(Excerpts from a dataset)
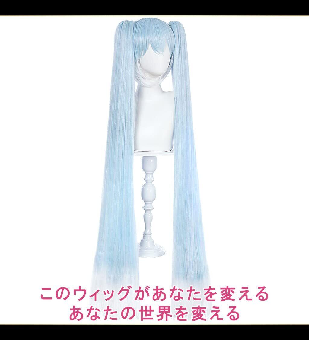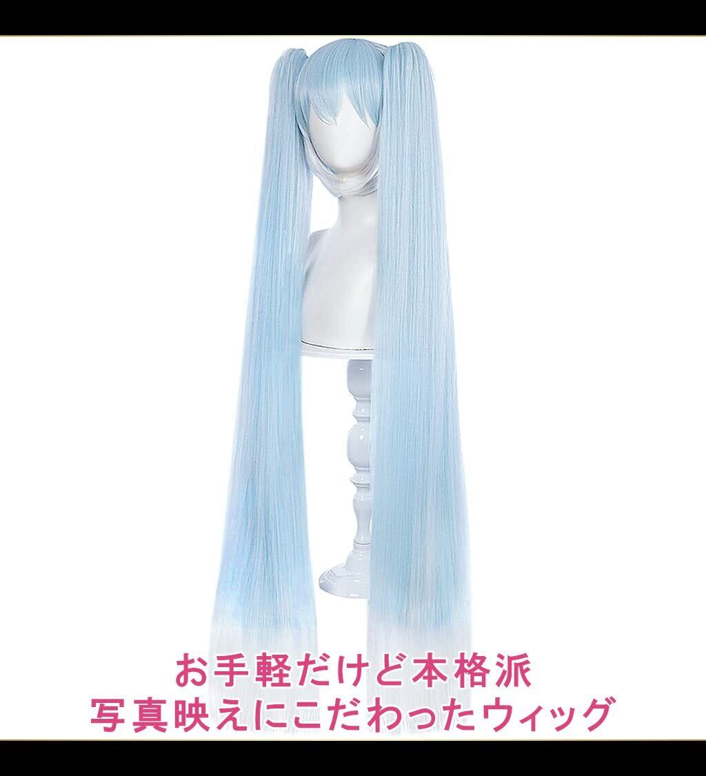 【 憧れのキャラにすぐ変身 】 水色~ホワイトのツインテールロングヘアをしたキャラクターのコスプレにおススメ。 このウィッグで憧れのキャラになりきれば、あなたに注目が集まること間違いなし。 ハイクオリティな質感・表現力のあるカラー・美しいヘアデザインを追求し、写真映えするウィッグに仕上げました。 SNS映えする華のある写真を撮りたい方におススメ。
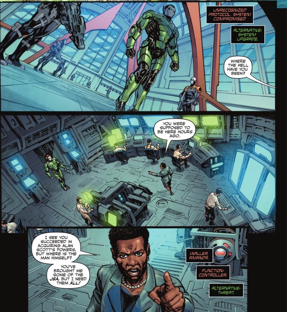 The Amazo’s new powers, though, allowed it to keep up and it makes fast work of stealing power from the likes of original variety GL Alan Scott. Then, without warning, the android shuts down.
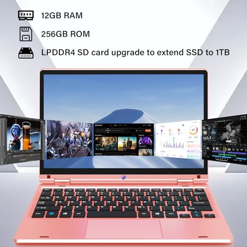 OUZRS Notebook 12 GB RAM 256 GB SSD, Computer Win 11 Pro Celeron 2,8 GHz, Notebook 12 Zoll FHD-Display, 1366 x 800 IPS, 2,4G/5G WiFi, Gaming Laptop Mini HDMI Bluetooth 5.0, PC Laptop mit Maus
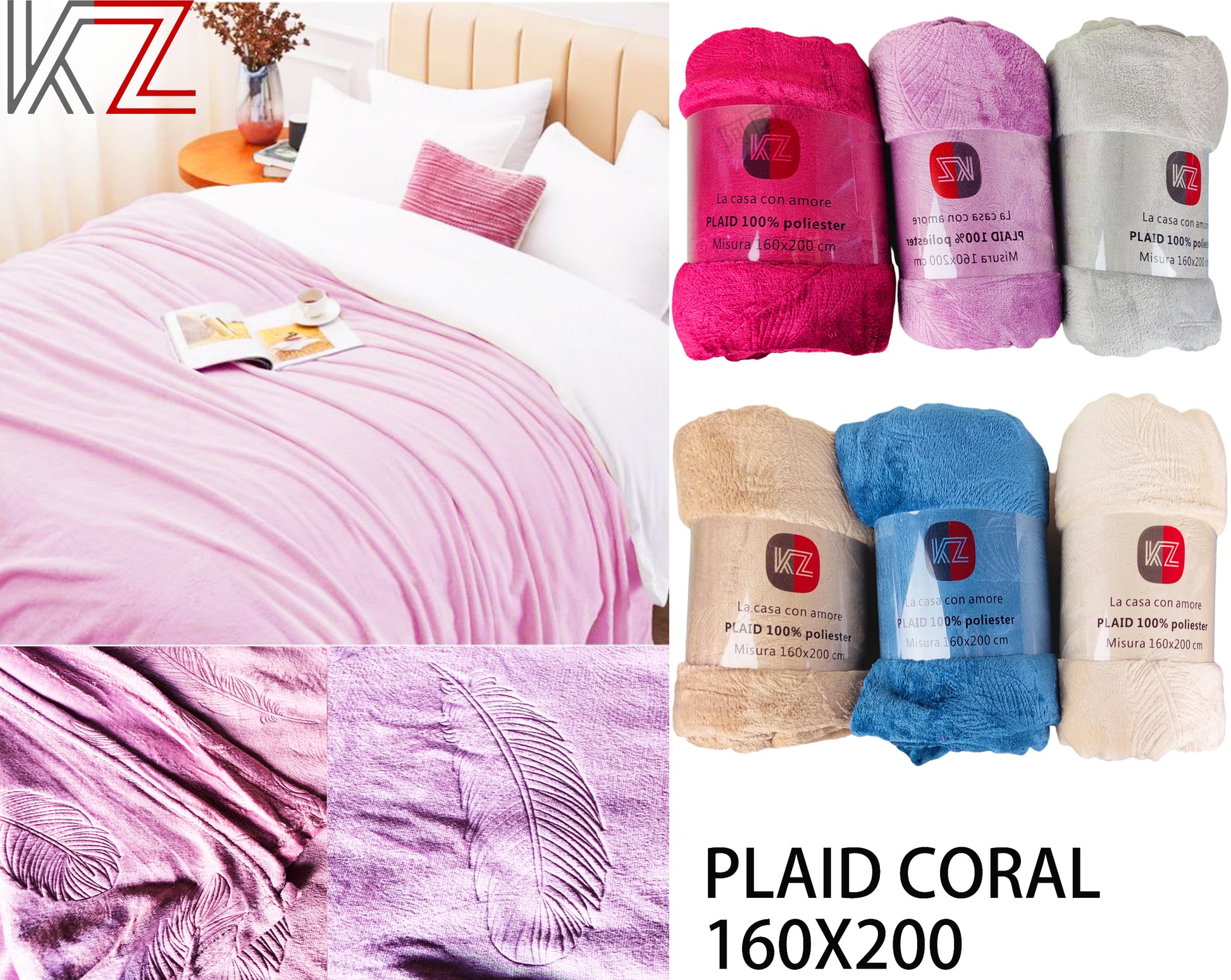 PLAID IN MORBIDA E CALDA FLANELLA CORAL PER DIVANO ,LETTO CON MOTIVO DISEGNO A PIUME 160X200
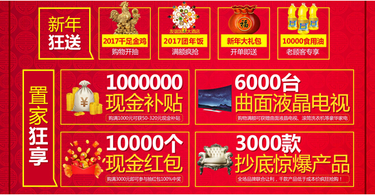 12月24、25、31日、1月1、2日,友谊国际家居还将隆重举行为期5天的新年抢购大型狂欢活动,千余精美建材、家具、灯饰9元起劲爆抢购!折后返现高达32%、“1000000现金补贴”、“20000份好礼狂送”、“100000红包送不停”等丰富多彩的促销活动多重促销活动,给市民带来史无前例的购物惊喜!

__WHAT YOU ARE ASKED TO DO__. Only the lines from the first line of the data above through the line with "PLAID IN MORBIDA" should appear in the answer, retyped exactly, with every picture left out.

__SOLUTION BELOW__.
 【 憧れのキャラにすぐ変身 】 水色~ホワイトのツインテールロングヘアをしたキャラクターのコスプレにおススメ。 このウィッグで憧れのキャラになりきれば、あなたに注目が集まること間違いなし。 ハイクオリティな質感・表現力のあるカラー・美しいヘアデザインを追求し、写真映えするウィッグに仕上げました。 SNS映えする華のある写真を撮りたい方におススメ。
 The Amazo’s new powers, though, allowed it to keep up and it makes fast work of stealing power from the likes of original variety GL Alan Scott. Then, without warning, the android shuts down.
 OUZRS Notebook 12 GB RAM 256 GB SSD, Computer Win 11 Pro Celeron 2,8 GHz, Notebook 12 Zoll FHD-Display, 1366 x 800 IPS, 2,4G/5G WiFi, Gaming Laptop Mini HDMI Bluetooth 5.0, PC Laptop mit Maus
 PLAID IN MORBIDA E CALDA FLANELLA CORAL PER DIVANO ,LETTO CON MOTIVO DISEGNO A PIUME 160X200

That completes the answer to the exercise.